The Filene Research Institute in Madison, Wis. regularly studies the errors and missteps credit unions make during their strategic planning process, and has identified several commonalities across CUs of all sizes and FOMs
The top mistake? According to Tansley Stearns, chief impact officer for the credit union think tank, it’s overconfidence. No matter how much of an expert someone is, she said, if that person is overconfident he or she will make mistakes.
The second mistake Stearns pointed to is mental accounting.
“If you do math in your head you might cut training to save an expense and not realize it is an investment,” Stearns said.
Her other suggestions are as follows:
3) Status quo bias: It is natural for human beings to avoid change, and the same applies to organizations. Stearns said there are many CUs that keep products around for years despite the fact they are used only by a small number of members.

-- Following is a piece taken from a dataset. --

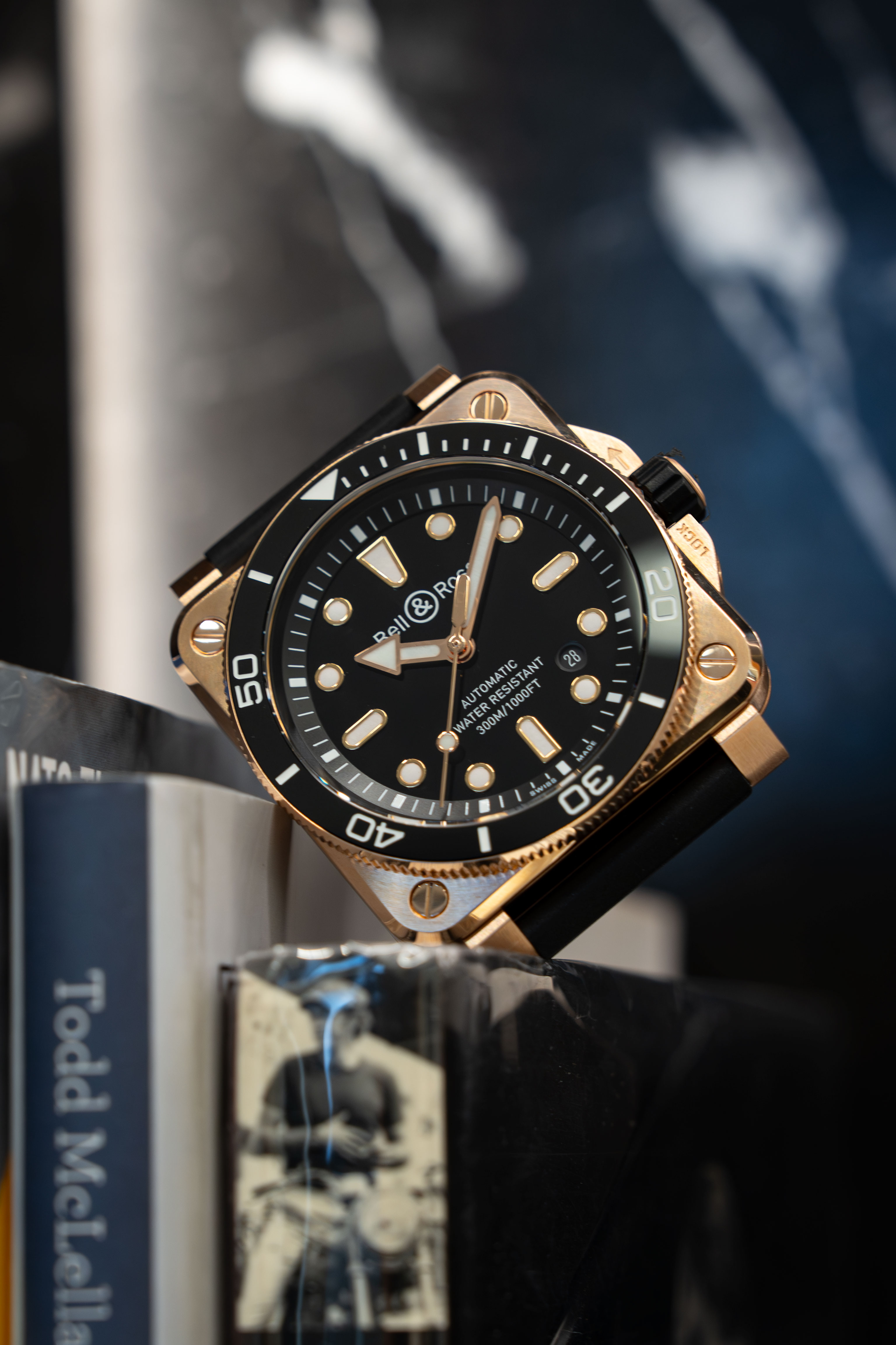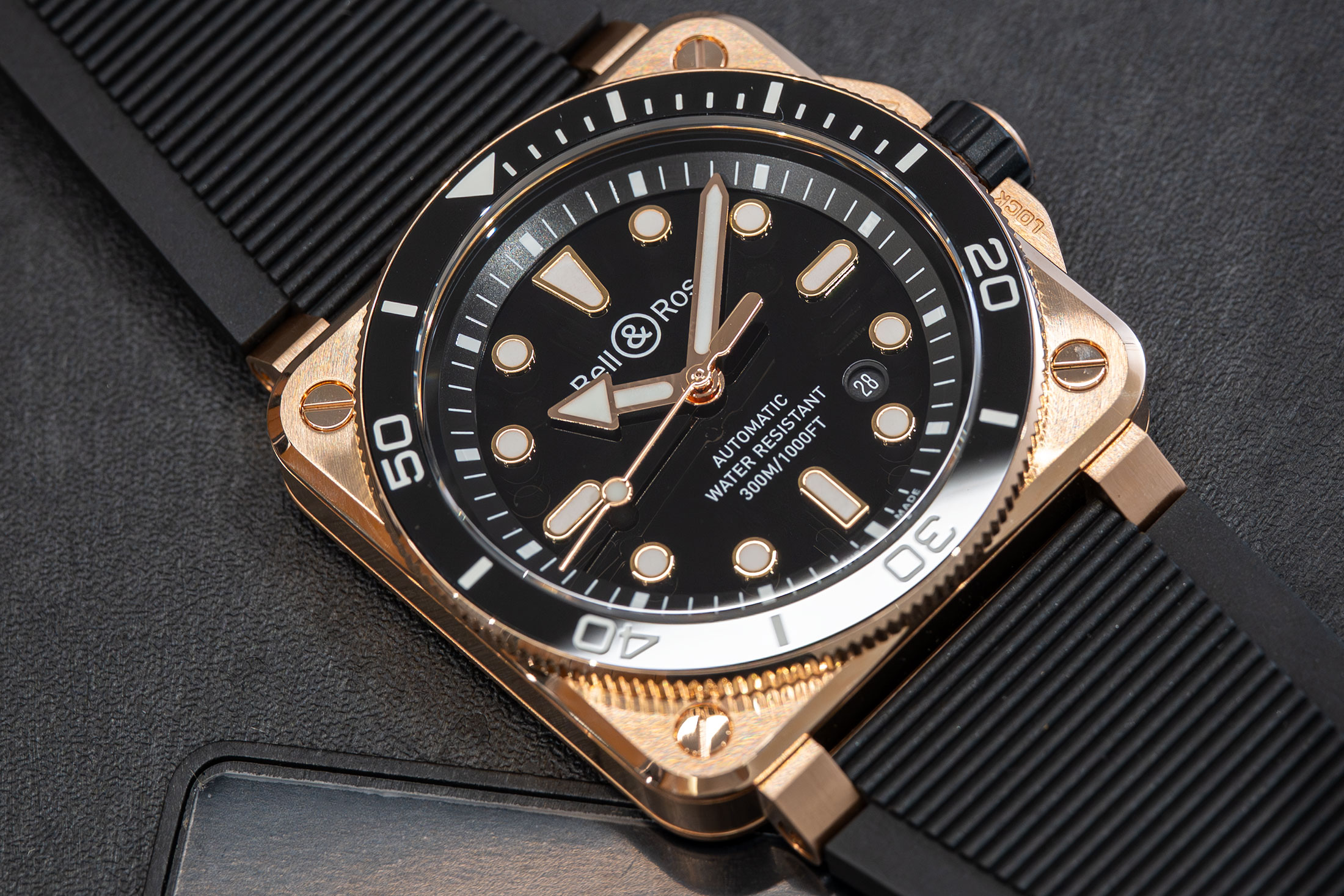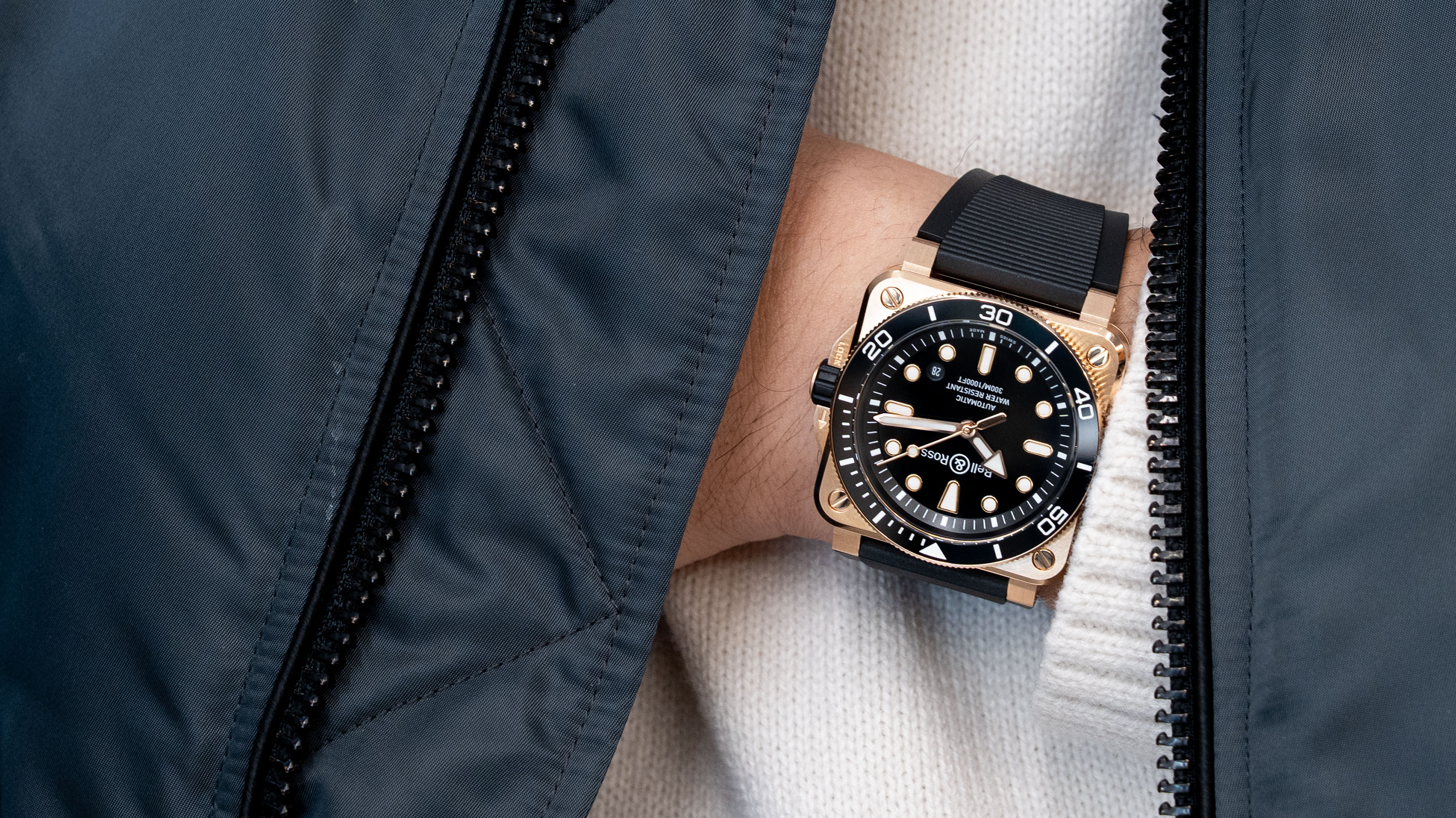 そのラグジュアリーさに目を奪われがちなBR-03 ダイバー ブラック ブロンズだが、それはあくまで“時を超えて耐えうる計器を作り出す”というベル&ロスの哲学のうえに成立している。今年、ゴールドカラーとブラックは他社でも多く目にするコンビであり、トレンド面においても需要が高い。しかしそこに、ツールとしての誠実さが加わることで、長く愛することができるタイムレスな魅力をも備えた1本に仕上がっているのである。
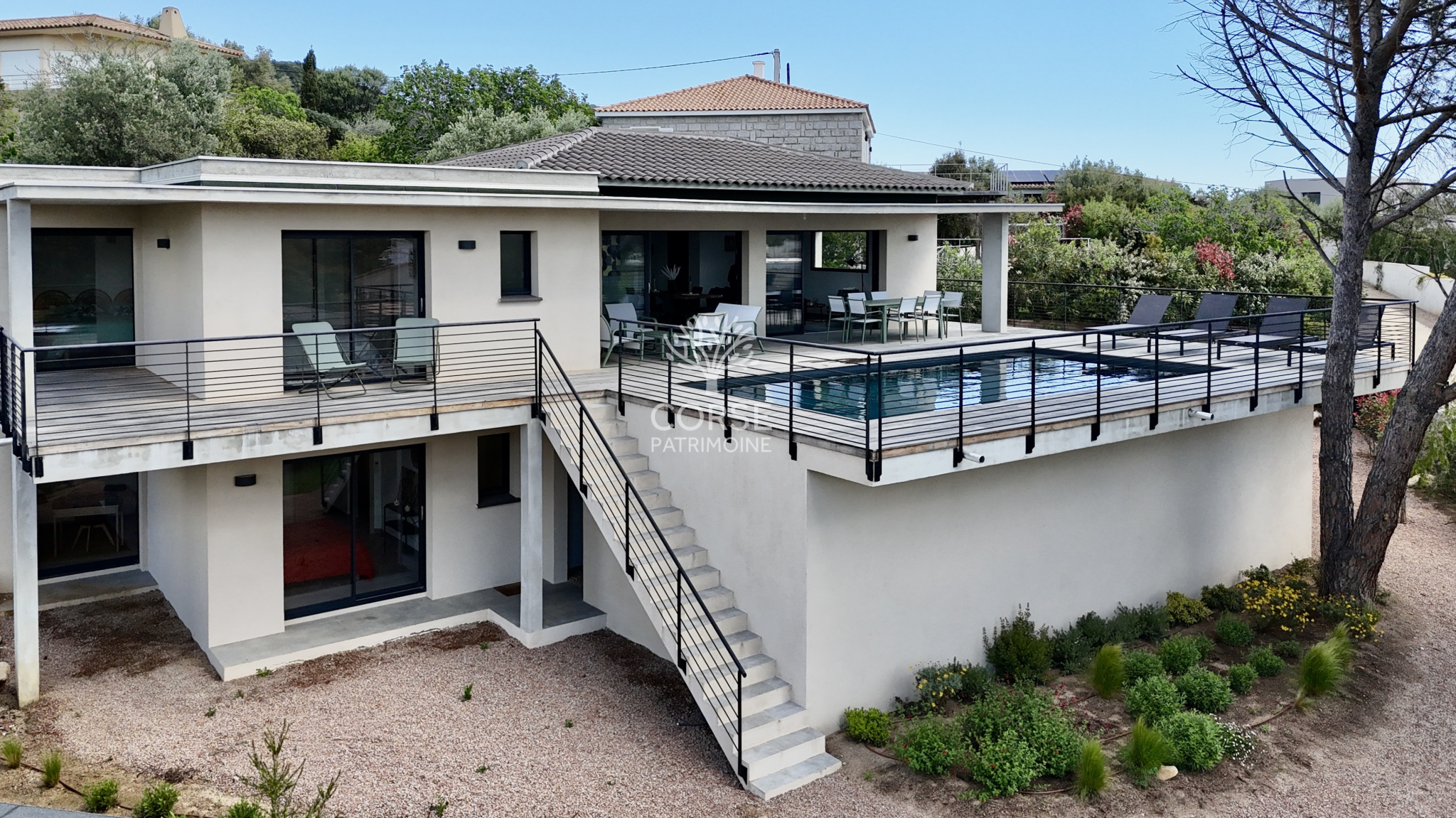 Entre les baies prisées de Pinarellu et Saint-Cyprien, située dans un environnement calme, laissez-vous charmer par cette villa d’environ 150 m2 habitables, implantée sur un terrain paysager de 850 m2, où chaque espace a été pensé pour conjuguer raffinement et douceur de vivre.

4) Loss aversion: “Credit unions are conservative by nature,” Stearns assessed. “They don’t want to have losses, so they focus more on losses that could happen rather than opportunities that could bring them success.”

5) Anchoring: An idea gets repeated often enough that people become “anchored” to it. Stearns said one example is many people at credit unions think 100 basis points of ROA is “right.” “It may not be true, but as an industry we keep that number in our heads and we don’t question it,” she explained.
6) The sunk-cost effect: “You have invested a lot in something. You tried a new product or you opened a new branch in a market and even though it is not giving a return on investment, you keep investing.”
7) Herd behavior: For many CUs, Stearns explained, the thought process does not go any deeper than, “We are going to take on this strategy because the bank up the street is doing it” or “because a lot of credit unions are doing it.” For some it was switching to a community charter. “You have to avoid chasing what the herd is doing rather than doing what is best for the organization,” she advised.
8) Confirmation bias: Someone believes an idea to be true, so he/she will use data to confirm that bias. “Another example is, assuming everyone believes as you do,” Stearns said.
9) Misestimating future pleasure levels: Stearns said people have a tendency to assume something will be more or less pleasurable than it really is, and therefore make the wrong strategic decision thinking something will be better or worse than it is.
Make day a strategic planning session
Stearns echoed the insights of many experts when she recommended that strategic planning not merely be a once-a-year event.
“I encourage credit unions to be cognizant of all nine of these areas,” Stearns said. “These are human mistakes and challenges, having biases. Go through these as a team and realize these are possible outcomes you might run into. One person might not see it in himself or herself, so we need colleagues to call us out. We also need to take a good look in the mirror and honestly say if we have made one of these errors and work on avoiding them in the future.”
Stearns suggested CUs should have strategy discussions all year around and not make them a point-in-time event.
“We spend a lot of time talking about innovation, but realize there has to be failure to innovate well,” Stearns said. “We put failure in the closet and hide from it. Rather than never talk about it, discuss mistakes openly. If you can do that, it helps avoid them in the future.”